The investigation began with an explosion of activity, with 70 people charged in the first week and around 100 cases opened, prosecutors said at a briefing. The swiftness was driven in part by fears that a repeat of violence could disrupt President Joe Biden’s inauguration weeks later.

“No US attorney’s office has indicted so many cases, executed so many subpoenas and search warrants in such a short period of time,” said Michael Sherwin, former acting district attorney for the US District of Columbia who helped oversee the investigation, in an interview. “Speed ​​was critical. We had the Inauguration coming up. We had to instill in the public a sense of order and the rule of law, to mitigate the damage that occurred that day. “

But those early Sherwin and D’Antuono press conferences, which together presented a New York-style harsh voice to law enforcement work, quickly gave way to Garland who ushered in a more understated style. Sherwin left the Justice Department after being reprimanded for failing to obtain permission to do an interview with CBS News’ 60 Minutes, in which he said, among other things, that he believed the Department could indict a seditious plot.

The crime scene on Capitol Hill was unusual and unprecedented in size, in many ways due to the way surveillance and police cameras captured dozens of angles of the Capitol attack, and because online bragging messages from riot participants gave prosecutors several terabytes of evidence. .

Early on, the FBI opened its whistleblower lines and posted photos of prominent attackers, immediately triggering a flood of denunciations from average citizens in the form of family, friends and strangers. . A loose group of online detectives, dubbed Sedition Hunters, have organized themselves to take down released footage to help identify dozens of suspected rioters. Their work, which has at times been faster than that of the FBI, has been praised by prosecutors who have credited their work in the criminal indictment documents.

Laborious pace of the riot court

Garland’s approach to the Jan. 6 inquiry appears to mimic the laborious pace of the court – which may seem reasonable to the longtime federal judge, but which largely precludes the general public from attending much of the trial. ‘investigation outside of court proceedings and documents. So far, more than 160 federal defendants have pleaded guilty, all but 20 so far pleading guilty to petty offenses – leaving the bulk of felony cases in court in 2022.

About 70 defendants were sentenced, either to probation or to stays in house arrest or in prison. Many felony defendants potentially consider years in prison if found guilty.

The first criminal trials on January 6 are scheduled to begin in February. During these multi-day proceedings, prosecutors will need to provide more visibility into the extent of the communications data, videos and other evidence they collected in what has become the largest federal investigation in history. American.

Sometimes the lawsuits have already connected January 6 investigators to the phone logs of members of Congress and a vast network of MAGA celebrities, such as Roger Stone and Sidney Powell, in contact with people around Trump’s White House until ‘to January 6. .

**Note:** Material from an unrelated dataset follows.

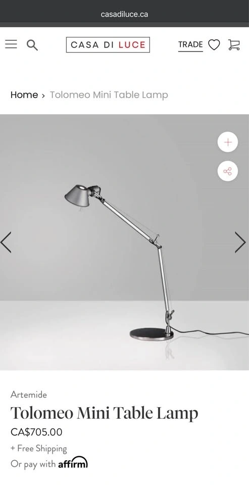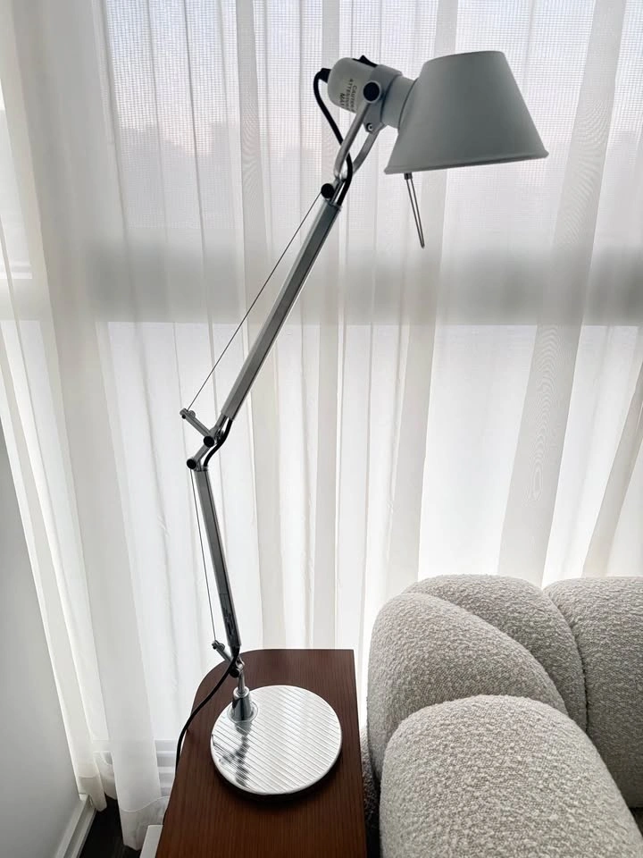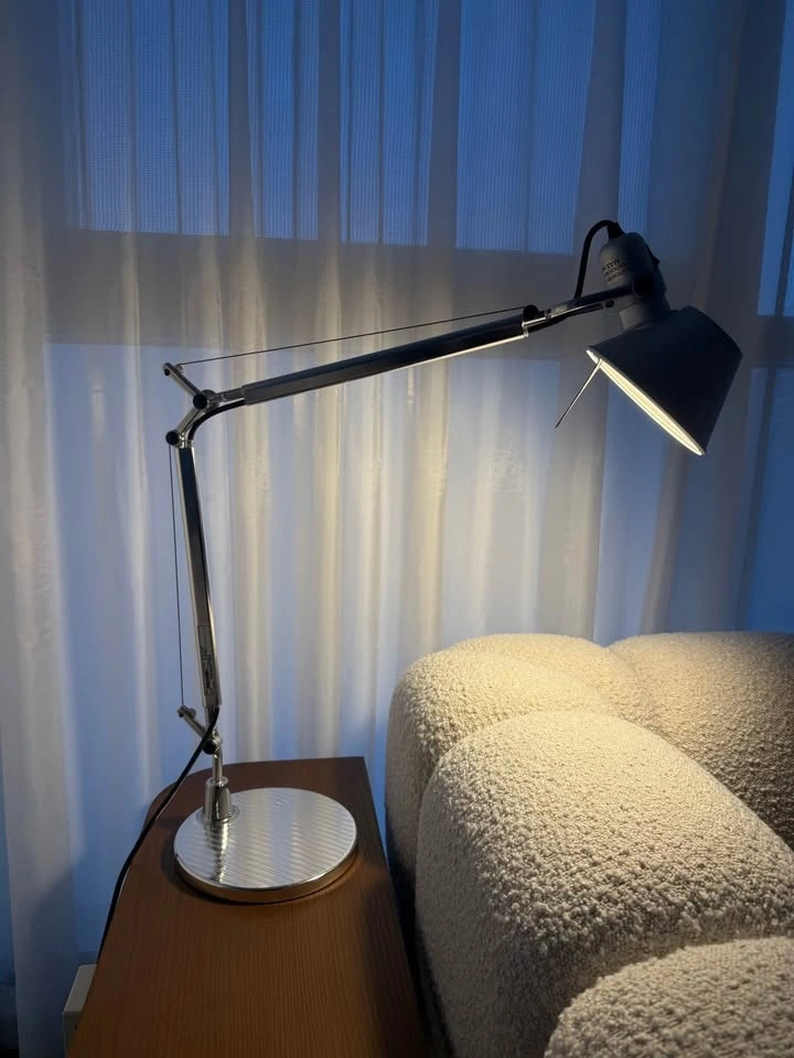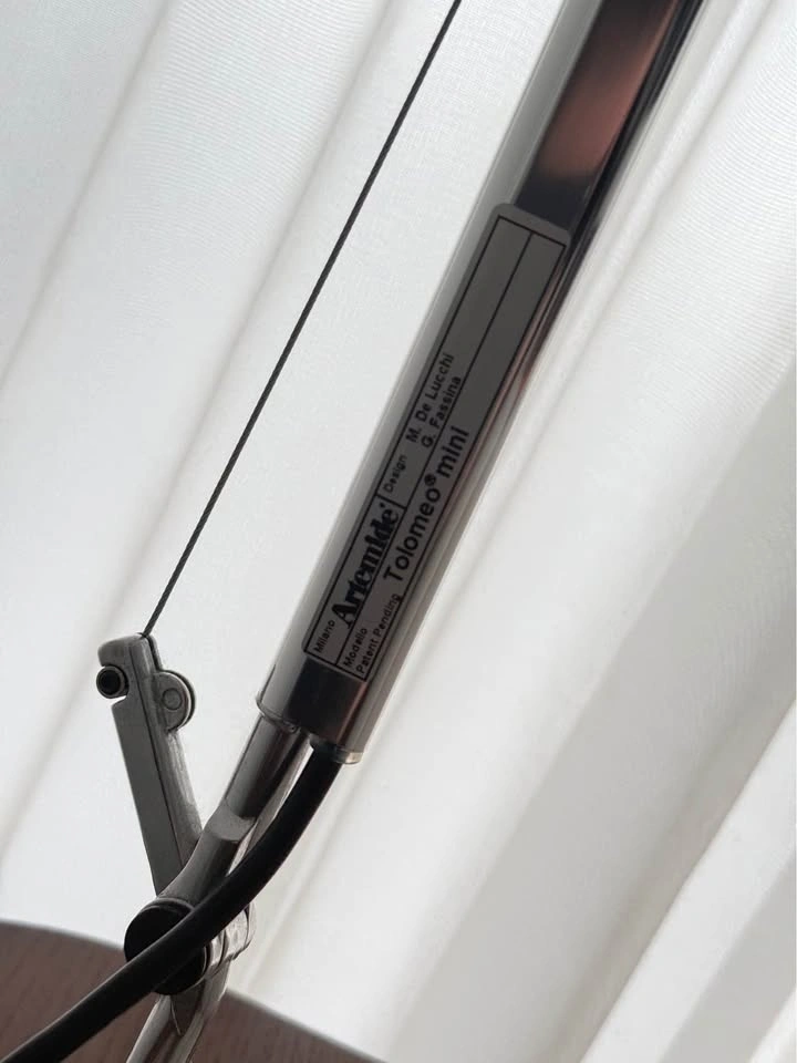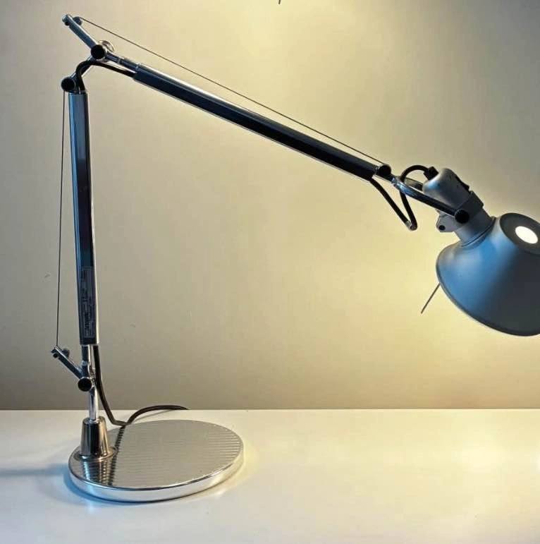 Sleek Artemide Tolomeo Mini table lamp with an aluminum finish. Features an adjustable arm, making it super versatile for any space. The light works great, no issues. AAA+ condition. Authentic Artemide. LED light bulb included. Designer: Michele De Lucchi, Giancarlo Fassina. Dimensions: Height 21.25 in, Length 26.77 in. Max Extension Height: 43.51 in, Max Extension Length: 40.15 in. Pickup downtown Toronto.

But the Justice Department tightening the screws on Trump’s closest contacts may be far away, if he is prosecuted. Prosecutors will not stand trial for months on major conspiracy indictments against alleged right-wing Proud Boys leaders who stormed the Capitol through a window and participants in a group of Oath Keepers. In the latter case, with 17 defendants awaiting trial, some are accused of laying down arms outside town on January 6, others say they were acting as security for VIPs, and d Other defendants zoomed in a golf cart to Capitol Hill while coordinating their group during the attack, prosecutors said.

So far, four Oath Keepers defendants have pleaded guilty and appear to be cooperating with prosecutors. And while lawyers for the Proud Boys have whispered for months about witness cooperation and how prosecutors pressured some of them to cooperate, the first known Proud Boys member to be charged The plot didn’t change until the last few weeks of 2021.